**Task to carry out**
Reproduce every line below exactly as written; do not include the images.

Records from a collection

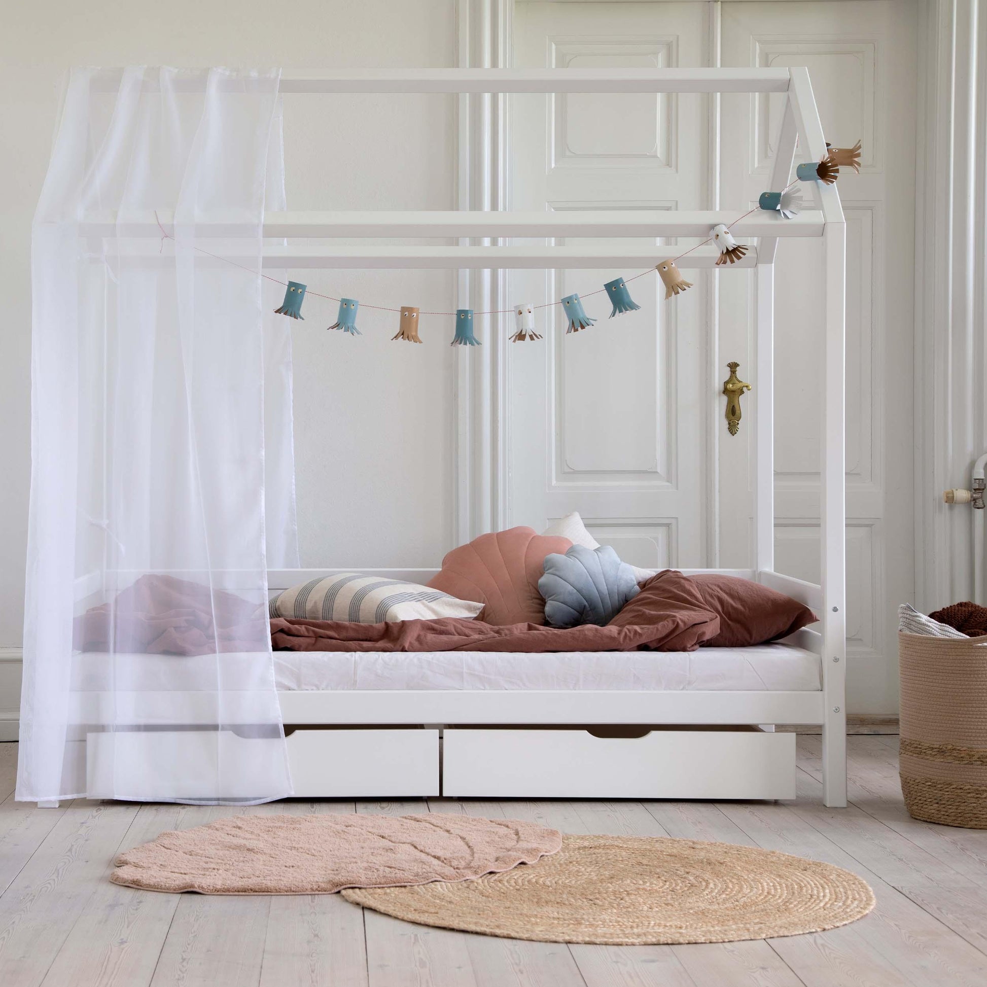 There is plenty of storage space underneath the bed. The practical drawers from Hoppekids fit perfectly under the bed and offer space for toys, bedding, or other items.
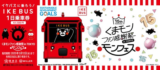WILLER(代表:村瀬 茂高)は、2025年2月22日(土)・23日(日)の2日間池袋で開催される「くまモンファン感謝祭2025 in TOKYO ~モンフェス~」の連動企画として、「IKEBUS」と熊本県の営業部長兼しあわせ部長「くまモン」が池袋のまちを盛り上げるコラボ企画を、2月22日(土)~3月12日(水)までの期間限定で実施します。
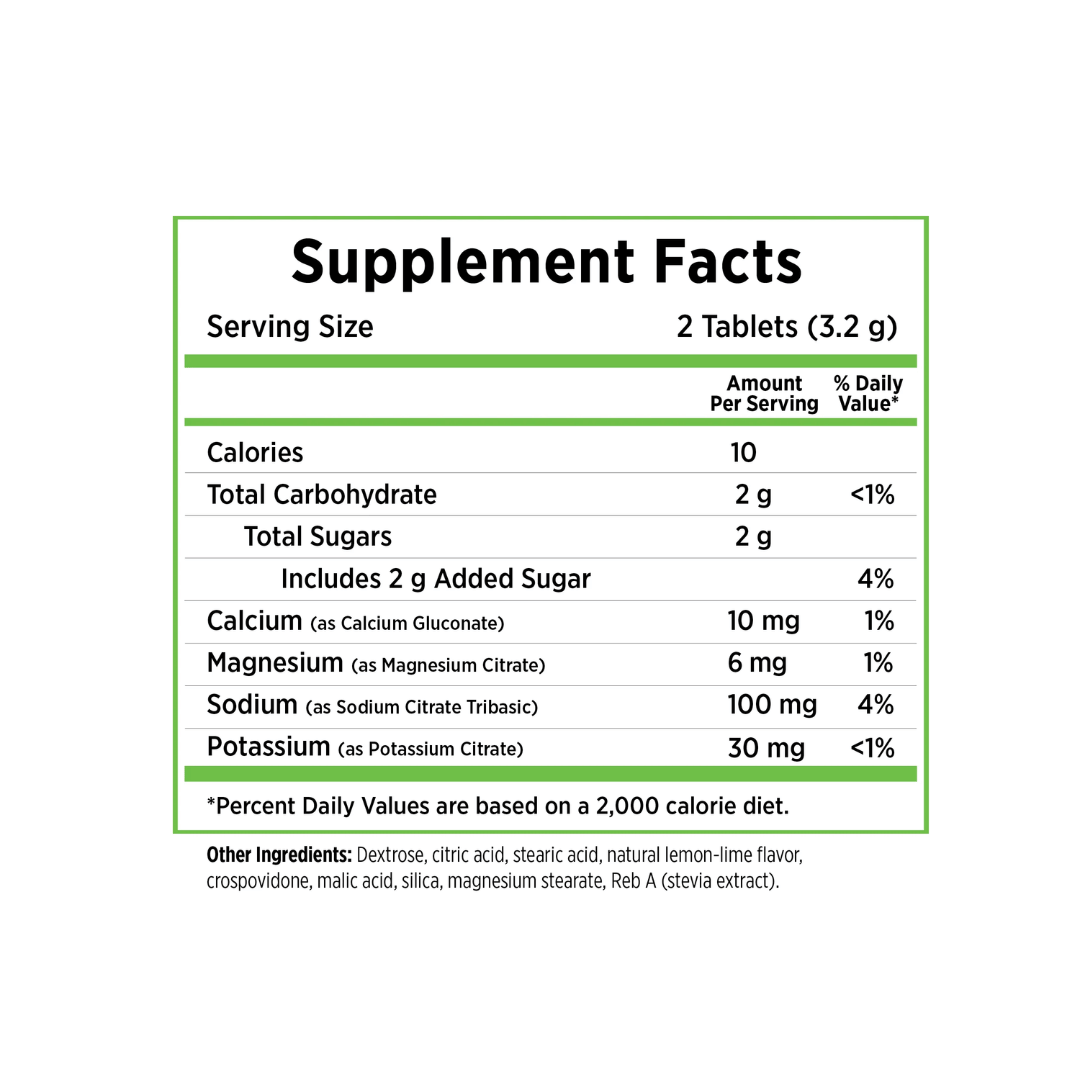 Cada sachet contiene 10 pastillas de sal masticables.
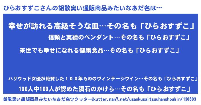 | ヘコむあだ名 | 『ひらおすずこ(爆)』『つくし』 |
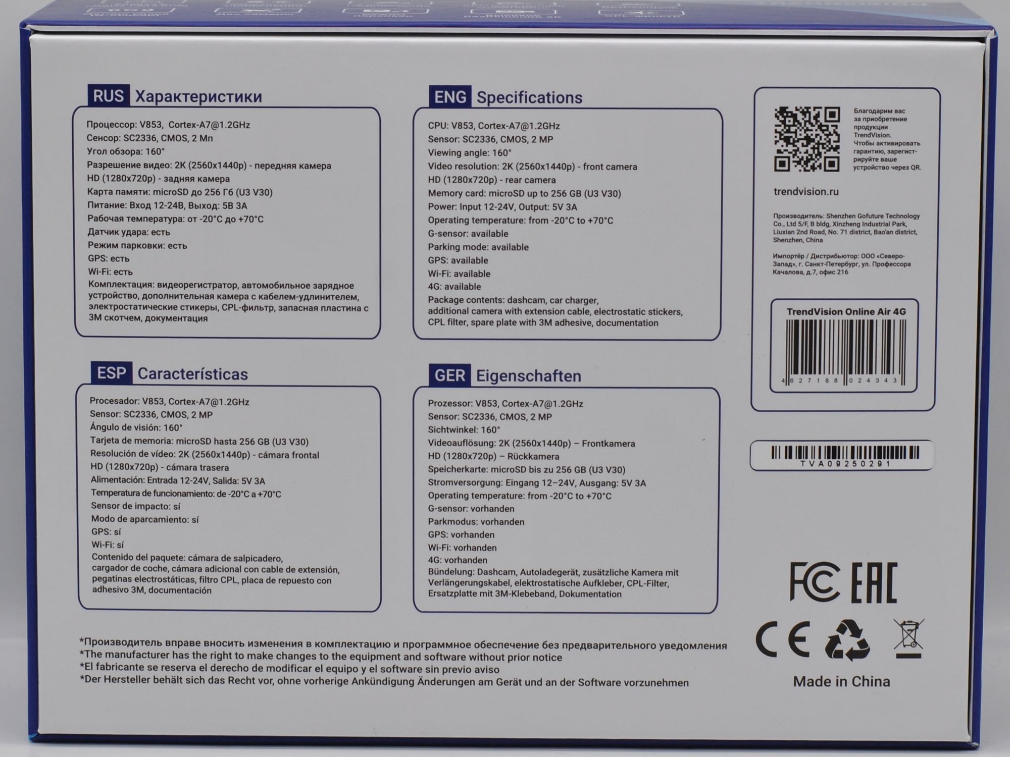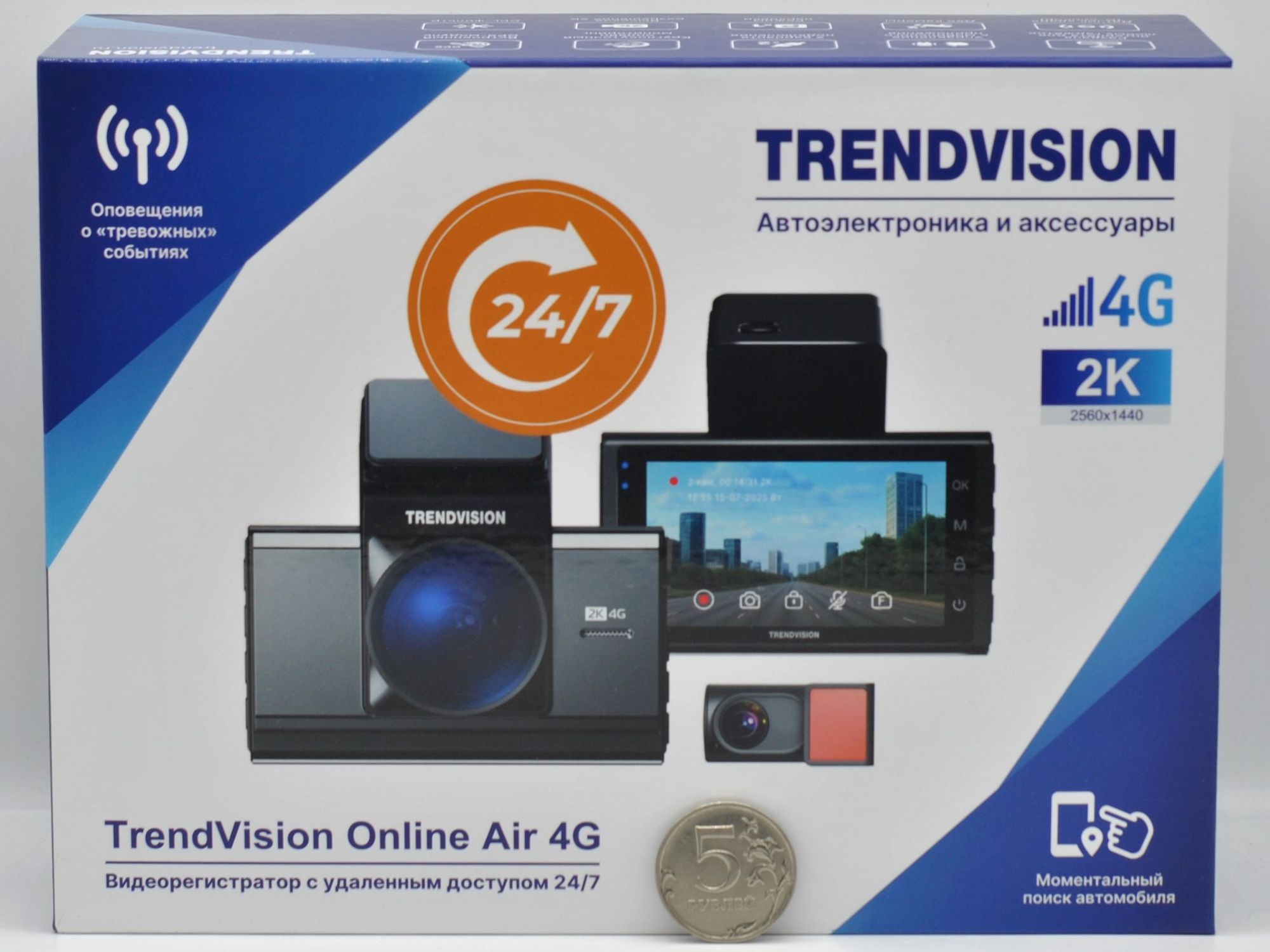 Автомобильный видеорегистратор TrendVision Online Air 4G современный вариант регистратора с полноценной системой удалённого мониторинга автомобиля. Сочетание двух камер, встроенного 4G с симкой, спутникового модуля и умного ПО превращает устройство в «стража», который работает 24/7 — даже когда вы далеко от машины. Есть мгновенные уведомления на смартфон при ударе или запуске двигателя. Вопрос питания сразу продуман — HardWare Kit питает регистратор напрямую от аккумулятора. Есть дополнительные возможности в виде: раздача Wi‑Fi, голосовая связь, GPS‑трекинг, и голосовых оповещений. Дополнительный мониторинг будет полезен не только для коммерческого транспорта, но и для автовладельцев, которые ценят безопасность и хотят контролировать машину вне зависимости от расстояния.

**Answer for this exercise**
 There is plenty of storage space underneath the bed. The practical drawers from Hoppekids fit perfectly under the bed and offer space for toys, bedding, or other items.
WILLER(代表:村瀬 茂高)は、2025年2月22日(土)・23日(日)の2日間池袋で開催される「くまモンファン感謝祭2025 in TOKYO ~モンフェス~」の連動企画として、「IKEBUS」と熊本県の営業部長兼しあわせ部長「くまモン」が池袋のまちを盛り上げるコラボ企画を、2月22日(土)~3月12日(水)までの期間限定で実施します。
 Cada sachet contiene 10 pastillas de sal masticables.
 | ヘコむあだ名 | 『ひらおすずこ(爆)』『つくし』 |
 Автомобильный видеорегистратор TrendVision Online Air 4G современный вариант регистратора с полноценной системой удалённого мониторинга автомобиля. Сочетание двух камер, встроенного 4G с симкой, спутникового модуля и умного ПО превращает устройство в «стража», который работает 24/7 — даже когда вы далеко от машины. Есть мгновенные уведомления на смартфон при ударе или запуске двигателя. Вопрос питания сразу продуман — HardWare Kit питает регистратор напрямую от аккумулятора. Есть дополнительные возможности в виде: раздача Wi‑Fi, голосовая связь, GPS‑трекинг, и голосовых оповещений. Дополнительный мониторинг будет полезен не только для коммерческого транспорта, но и для автовладельцев, которые ценят безопасность и хотят контролировать машину вне зависимости от расстояния.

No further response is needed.